Morgan Stanley has started rolling out cryptocurrency trading on its E*Trade platform with lower fees than many rivals. The bank is charging a 0.50% fee on the dollar value of each crypto trade. That price undercuts major U.S. platforms such as Coinbase, Robinhood, and Charles Schwab.
Later this year, all 8.6 million ETrade clients will have access to the service, which is now in a pilot program. ETrade customers will be able to trade Bitcoin, Ether, and Solana straight from their brokerage accounts thanks to a collaboration with digital asset infrastructure company Zerohash. According to Morgan Stanley, customers are expecting to see cryptocurrency in a single interface with stocks, options, and ETFs.

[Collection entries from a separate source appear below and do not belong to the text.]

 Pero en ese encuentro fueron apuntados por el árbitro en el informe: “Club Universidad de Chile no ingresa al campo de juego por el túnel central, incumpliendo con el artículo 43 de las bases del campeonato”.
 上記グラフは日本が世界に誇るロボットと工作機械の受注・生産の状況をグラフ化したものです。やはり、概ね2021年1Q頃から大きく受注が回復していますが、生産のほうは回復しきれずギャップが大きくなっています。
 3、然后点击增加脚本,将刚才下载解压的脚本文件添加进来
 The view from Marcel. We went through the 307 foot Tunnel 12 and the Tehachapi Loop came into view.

How Crypto Trading Works Inside E*Trade
Morgan Stanley plans to make crypto trading a fully integrated feature inside E*Trade, not a separate app. Users will see digital assets in the same dashboard as their traditional holdings, while Zerohash handles liquidity, custody, and transaction settlement for supported coins.

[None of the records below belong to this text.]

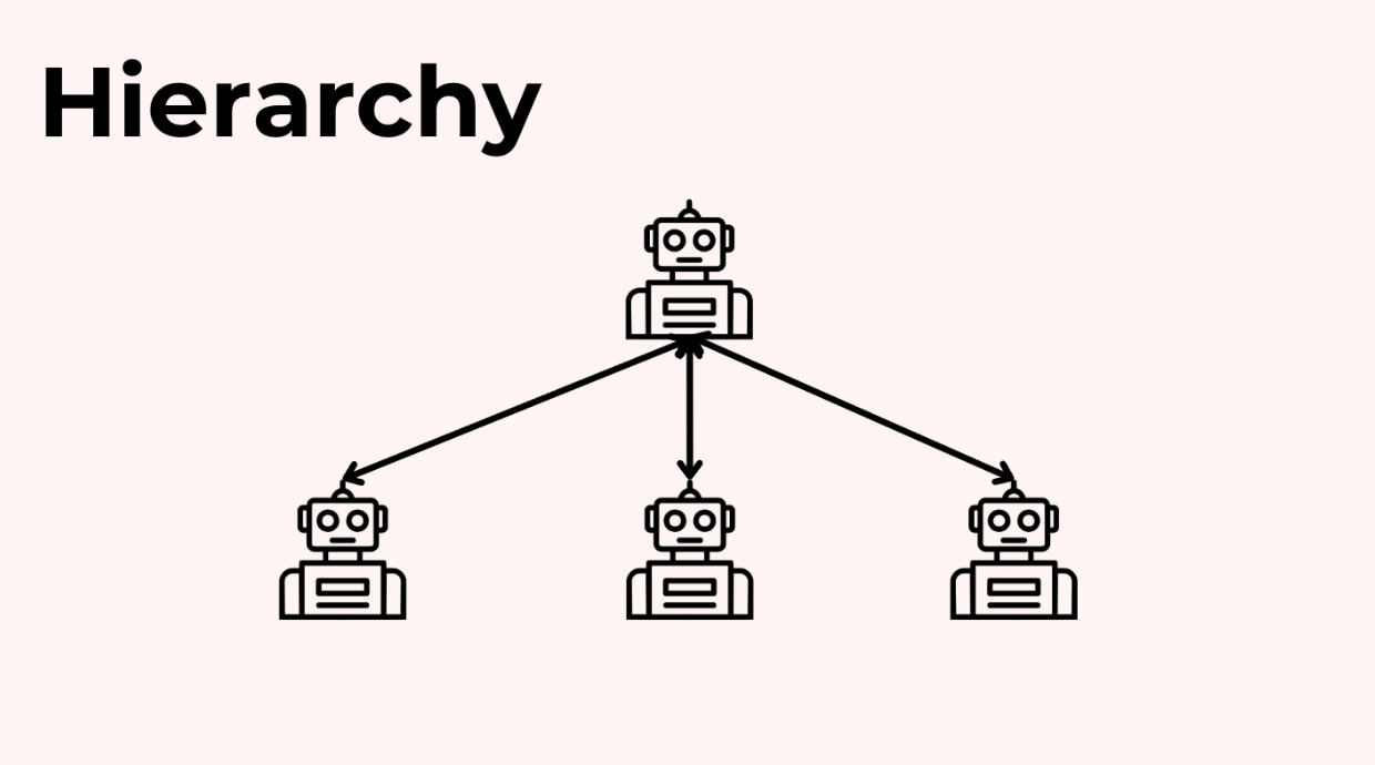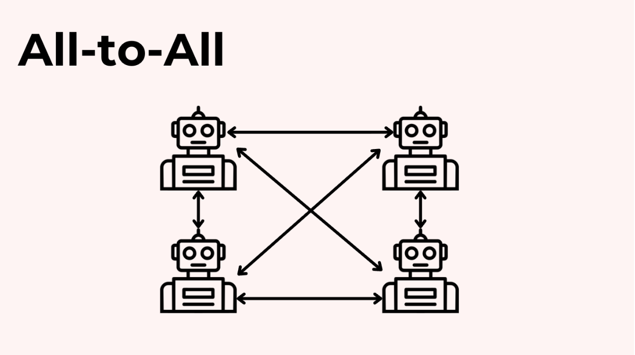 最后,我们有全连接模型,它可能会超级混乱。在这个模型中,任何智能体都可以在任何时候向其他任何智能体发送消息。这种情况在实际生产中很少见,因为它难以预测和控制。每次运行的输出可能会有很大差异。
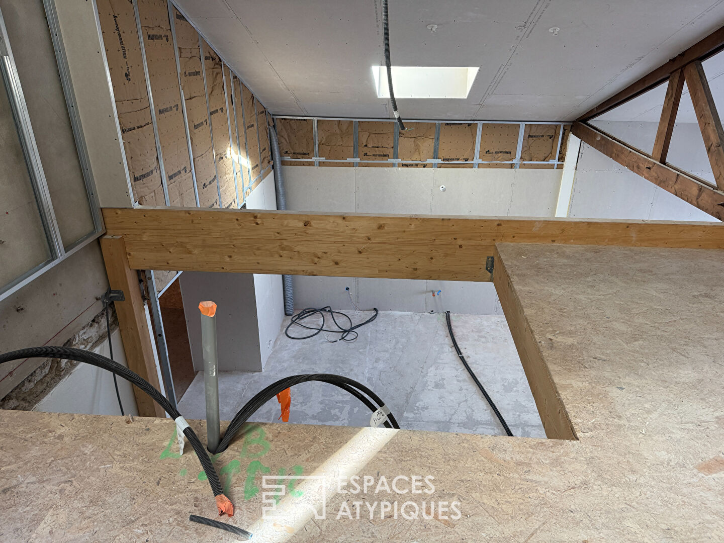 Idéalement située entre le quartier prisé de Saint-Michel et le centre-ville, cette maison en pierre d'environ 190 m², actuellement en cours de métamorphose, dévoile un potentiel architectural hors norme. Derrière sa façade traditionnelle se cache une réinterprétation résolument contemporaine des volumes, où la noblesse du bâti ancien rencontre la force d'un design "Esprit Loft" Le rez-de-chaussée s'ouvre sur une entrée menant à la pièce maîtresse du lieu : un spectaculaire open-space de 130 m². Véritable ode au style industriel, cet espace est magnifié par des armatures métalliques apparentes et une hauteur sous plafond vertigineuse. La lumière y est omniprésente, portée par une baie vitrée aux dimensions exceptionnelles. Véritable trait d'union entre intérieur et extérieur, elle s'ouvre sur une terrasse carrelée aux allures de jardin d'hiver, offrant un écrin de quiétude absolu en pleine ville. Selon les plans , le projet propose la configuration suivante : Au rez-de-chaussée : une entrée fonctionnelle dessert une vaste cuisine ouverte sur un salon séjour. Pour une vie facilitée de plain-pied, ce niveau offre une pièce pouvant faire office de chambre ou de bureau, ainsi qu'une buanderie et un WC indépendant A l'étage : Une mezzanine survole l'espace, créant une jonction audacieuse entre une suite parentale avec dressing et salle d'eau nichée dans la partie loft et deux chambres avec salle d'eau et WC situées dans la partie ancienne de la demeure. Pour les projets les plus ambitieux, le dernier niveau révèle une vaste pièce sous combles. Entièrement aménageable, cet espace laisse libre cours à vos envies : atelier d'artiste, bureau inspirant ou chambres additionnelles. Avec l'isolation, les huisseries, l'électricité et le placo déjà réalisés, le gros oeuvre est amorcé. Ce bien n'attend plus que vos finitions pour révéler tout son éclat. Le garage permet de servir d'espace de stockage . Ce lieu de vie singulier est une opportunité rare pour les amoureux de volumes bruts et d'architecture de caractère souhaitant personnaliser une rénovation d'exception. Ce bien est non soumis au DPE Les informations sur les risques auxquels ce bien est exposé sont disponibles sur le site Géorisques : georisques.gouv.fr Isabelle DEVOS (EI) Agent Commercial - Numéro RSAC : 518 348 032 - SAINT-BRIEUC.
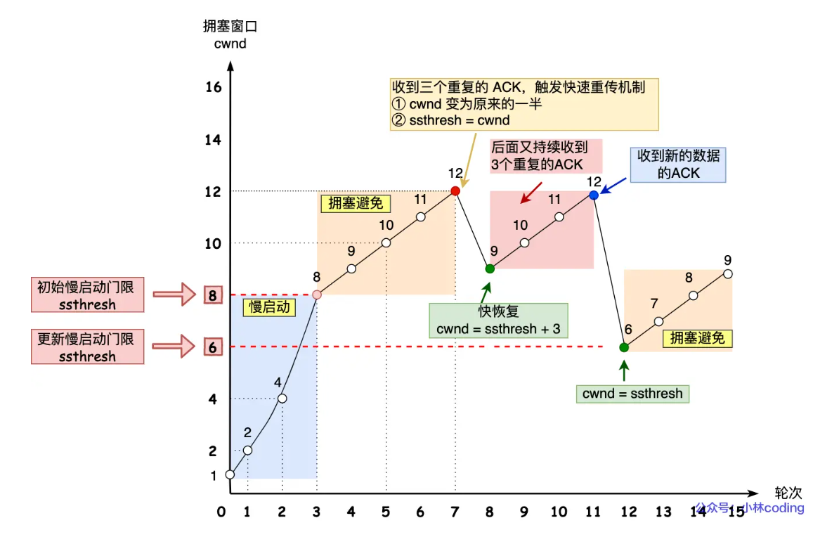 - 快重传:可以接收到多个ACK说明只有部分包丢失,网络轻度拥塞,为了提高网络带宽利用率,不能重新进入慢启动,而是将ssthresh置为当前拥塞窗口的一半,拥塞窗口/2,进入快速恢复

At launch, the service will focus on three large-cap assets: Bitcoin, Ether, and Solana. These coins already anchor many institutional products and account for most crypto trading volume. Morgan Stanley describes this as “phase one,” leaving room to add more tokens or tokenized assets later.
Strategy Against U.S. Crypto Platforms
By setting fees at 50 basis points, Morgan Stanley is directly targeting dedicated crypto exchanges. Retail investors often pay higher effective costs elsewhere once spreads and commissions are included. E*Trade’s pricing and large user base give Morgan Stanley a way to compete without creating a separate crypto brand.
The move also strengthens Morgan Stanley’s hold on wealth clients who might otherwise move funds to external apps to trade crypto. Keeping trading inside E*Trade helps the bank retain assets, collect more data, and cross-sell research and advisory services. For a firm that earns much of its revenue from wealth management, adding crypto fits into a broader digital asset strategy.
Morgan Stanley was among the first major U.S. banks to offer access to Bitcoin products and spot ETFs through its advisors. Extending that exposure to direct trading on E*Trade shows crypto is shifting from a niche product to a standard feature in brokerage accounts. Other Wall Street firms are also expanding digital asset offerings as rules become clearer.